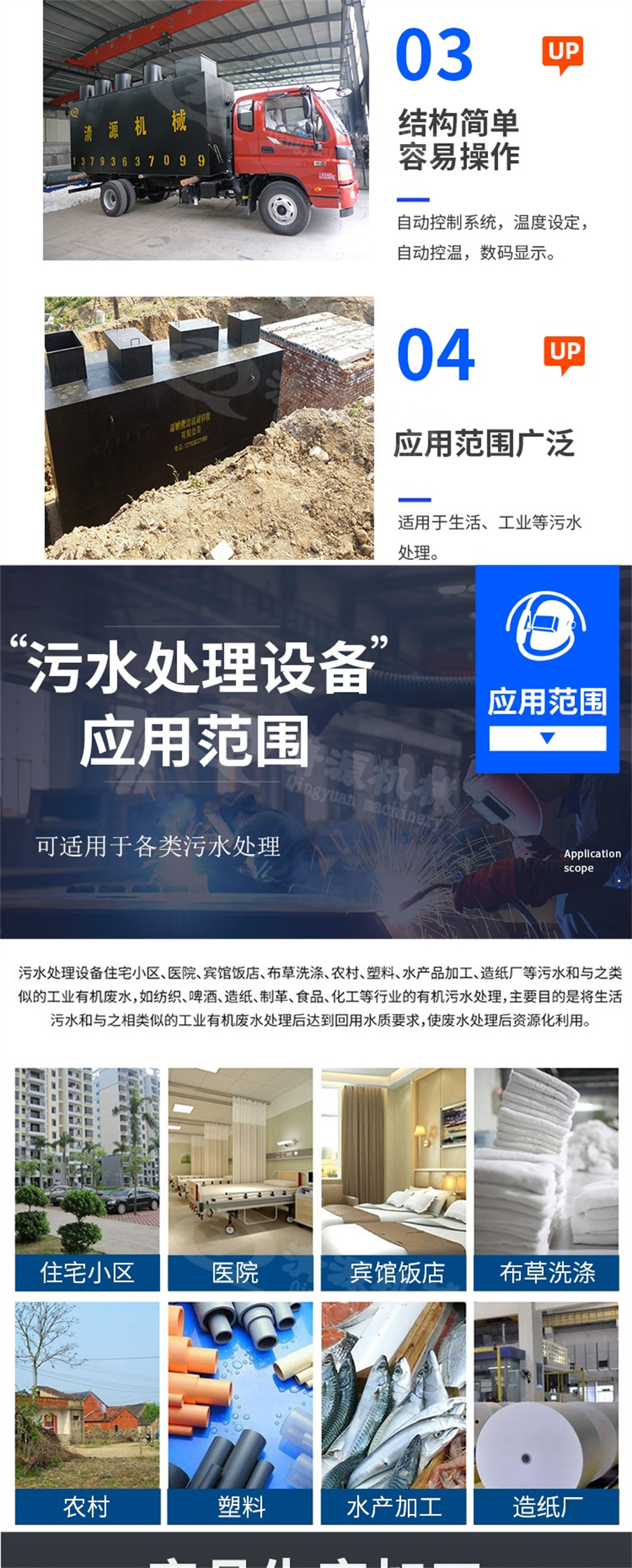 3、設備主要適用于住宅區、賓館、碼頭、機場、療養院、廠礦等行業的生活污水和類似的工業廢水。
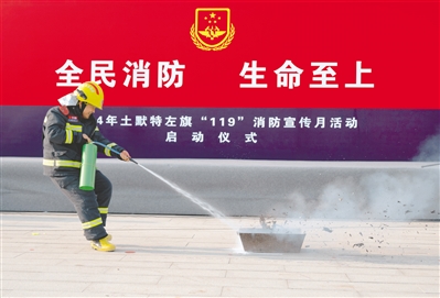 11月8日,在呼和浩特市伊利现代智慧健康谷,土默特左旗消防救援大队组织市民参与体验灭火器使用。当日,“全民消防 生命至上”2024年土默特左旗“119”消防安全宣传月正式启动。2024年11月是第33个“119”消防宣传月。连日来,围绕“全民消防 生命至上”主题,内蒙古消防救援总队部署辖区所属各单位,开展了形式多样的消防安全主题活动,为经济社会发展筑牢安全防线。本报记者 怀特乌勒斯 摄
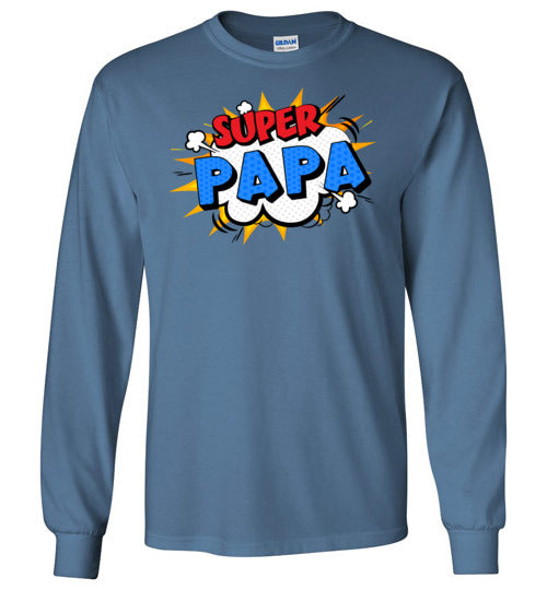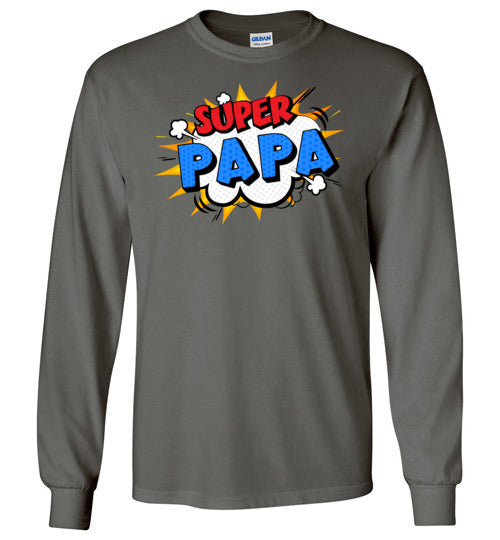 Super Papa long sleeve shirt - retro comic style cartoon bubble design for men who are a dad or grandpa called Papa.

□ □ □ □ □ □ □

(What is required):
Would you transcribe all of the data exactly, apart from its pictures?

(Solution for this exercise):
 3、設備主要適用于住宅區、賓館、碼頭、機場、療養院、廠礦等行業的生活污水和類似的工業廢水。
 11月8日,在呼和浩特市伊利现代智慧健康谷,土默特左旗消防救援大队组织市民参与体验灭火器使用。当日,“全民消防 生命至上”2024年土默特左旗“119”消防安全宣传月正式启动。2024年11月是第33个“119”消防宣传月。连日来,围绕“全民消防 生命至上”主题,内蒙古消防救援总队部署辖区所属各单位,开展了形式多样的消防安全主题活动,为经济社会发展筑牢安全防线。本报记者 怀特乌勒斯 摄
 Super Papa long sleeve shirt - retro comic style cartoon bubble design for men who are a dad or grandpa called Papa.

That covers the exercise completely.